I love to eat. Food has been a close personal friend of mine my whole life, and I expect that beautiful friendship to last until I die. The hidden complexities of food are fascinating to me: temperature, texture, flavor, spice, all those factors play into food, and I love the exploration of eating.
I’ve eaten a lot of things. Some have been high-quality, some have been high-quantity, some have been awesome, and some have been awful. But for better or for worse, I’ve had some very memorable food experiences. Here’s one. It requires a little background first.
When I was about 20 years old, I was in the middle of a 2-year stint as Elder Dean, a suit-and-tie, black-nametag Mormon missionary.
Something important to understand about missions for the Church of Jesus Christ of Latter-day Saints is that the missionaries don’t get to pick their assignments. You send an application packet to Salt Lake City, and you get back a set of documents that tells you when and where to report for training, and then what corner of the globe you’ve been assigned to help. Individual missions don’t advertise.
I was assigned to Idaho, specifically what was called the Idaho Boise mission, which occupied a chunk of western Idaho and eastern Oregon, with Boise in the middle. For a city kid from southern California, this was a culture shock.
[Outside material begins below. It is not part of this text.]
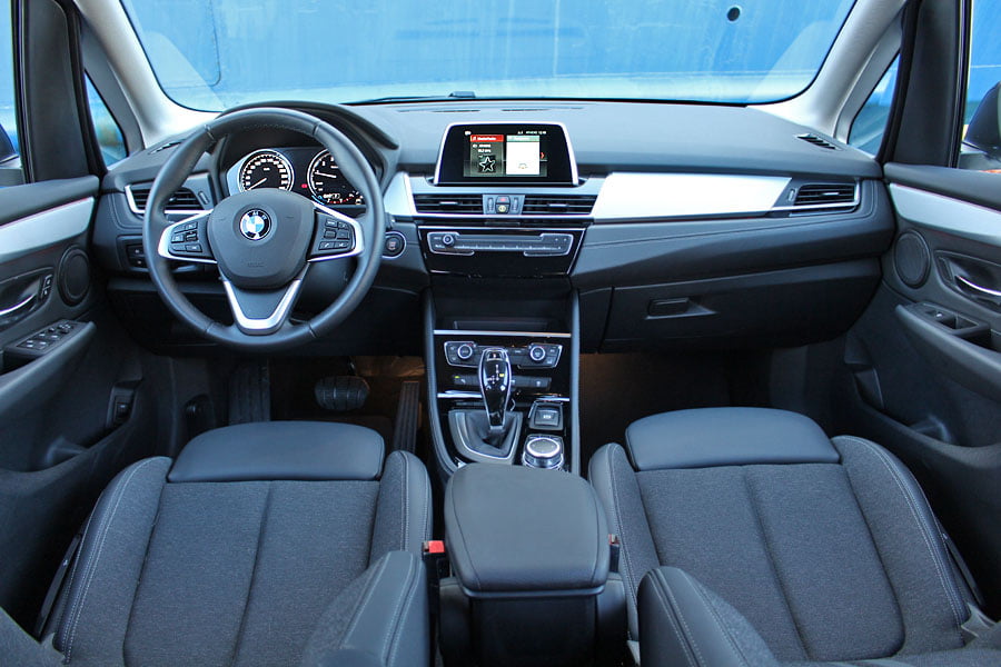 Η καμπίνα της BMW 218i Active Tourer είναι αρκετά γνώριμη, μιας και διαθέτει το βασικό σχεδιασμό που έχουμε δει και σε άλλα μοντέλα της γκάμας. Τα υλικά που έχουν χρησιμοποιηθεί είναι κορυφαίας ποιότητας, με πολύ καλή συναρμογή και τελικό φινίρισμα υπεράνω κριτικής. Στο ανώτερο σημείο της κεντρικής κονσόλας θα ξεχωρίσετε την μεγάλη οθόνη του συστήματος infortainment, η οποία σας παρέχει ότι πληροφορία θελήσετε, ενώ εκεί αποτυπώνονται και οι ρυθμίσεις για το Driver Experience Control με τα τρία προγράμματα οδήγησης, Eco Pro, Comfort και Sport.

But the people were generally friendly, and we got regular dinner invitations from the local members. In this case, a nice old couple, who had retired from their life of farming to a nice retirement cottage community, had invited us over. This nice old farm wife called us that morning to confirm and asked us if there was anything special we’d like to eat.
So my companion is the one on the phone, and he turns to me and asks, and I say “it’s been a long time since I’ve had lasagna. Does she make lasagna?”
He asks, and it goes like this as I watch him on the phone:
“How about lasagna? – Well, it’s really not – Honestly it isn’t – well, that’s … excellent. We’ll see you this evening. “
And he hangs up the phone and says “Elder Dean, she’s never made lasagna in her life, but she’s gonna now because you asked.”
Deep Sigh.
So all day we have a light dread about how we’re going to need to deal with dinner. We’re 20 year-old young men, so we can eat anything if we have to. And of course we’re prepped to find some way to compliment anything we get served. That’s just polite. But still, dread. And then the little old retired farmer comes to pick us up for dinner, and he doesn’t help. He leans in, in the way that older men confide in younger men, and he says:
“Elders, I don’t know what she’s makin’, but she sent me to the store for things I never heard of.” He was clearly skeptical, and the implication was clear. There was no telling what we were about to eat, but as men, three of us now, it was our duty to like it.
Arriving at the house, this dear little old farm wife greets us at the door, beside herself.
“Oh, I just don’t know about this,” says she. She can barely look us in the eye, so concerned is she that she’s failed to produce a decent meal.
She’s concerned that it looks awful. To be fair, it’s a lasagna. They all look a little messy. She’s concerned that it’s bubbled over the pan. Though again, it’s a lasagna. That’s normal. We were heartened that the lasagna looked normal, but this dear old lady was almost having an anxiety attack. She couldn’t even bring herself to serve it out. We had to. So we dished it out, shared a prayer on it (which I’m sure we all meant more than usual, for one reason or another), and started in.
It was the best lasagna I’ve ever eaten.
It was amazing: full-flavored with different meats, with that ropy blend of proper cheeses shot through the whole thing. The pasta layers were done just right, just enough sauce, the spice level was flawless—it remains a benchmark lasagna in my personal food memories.
So we ate our weight in lasagna, and heaped compliments on this dear little old farm wife. As she came to understand that she had produced a success, she shared her process. Not knowing how to make lasagna, she had gone to her library of cookbooks, opened them all to the lasagna recipe, and combined them. This was the one lasagna to rule them all. The master lasagna. The perfect platonic ideal of a lasagna.
Food is a simple thing. We can take it for granted. But what great moments food can generate. This lasagna was a great experience for everyone involved. Food facilitates this sort of experience. We have to eat, but nourishment isn’t just physical. We talk over food. We pray over food. We bond over food.
This nice old farmwife was willing to try a new thing, and my missionary companion and I were ready to be as supportive of her efforts as possible. Even her husband was willing to go to the store for ingredients he’d never heard of. So when he joyfully bellowed “why, this is pretty good. I think I’m a lasagna man now!”, the moment became unforgettable.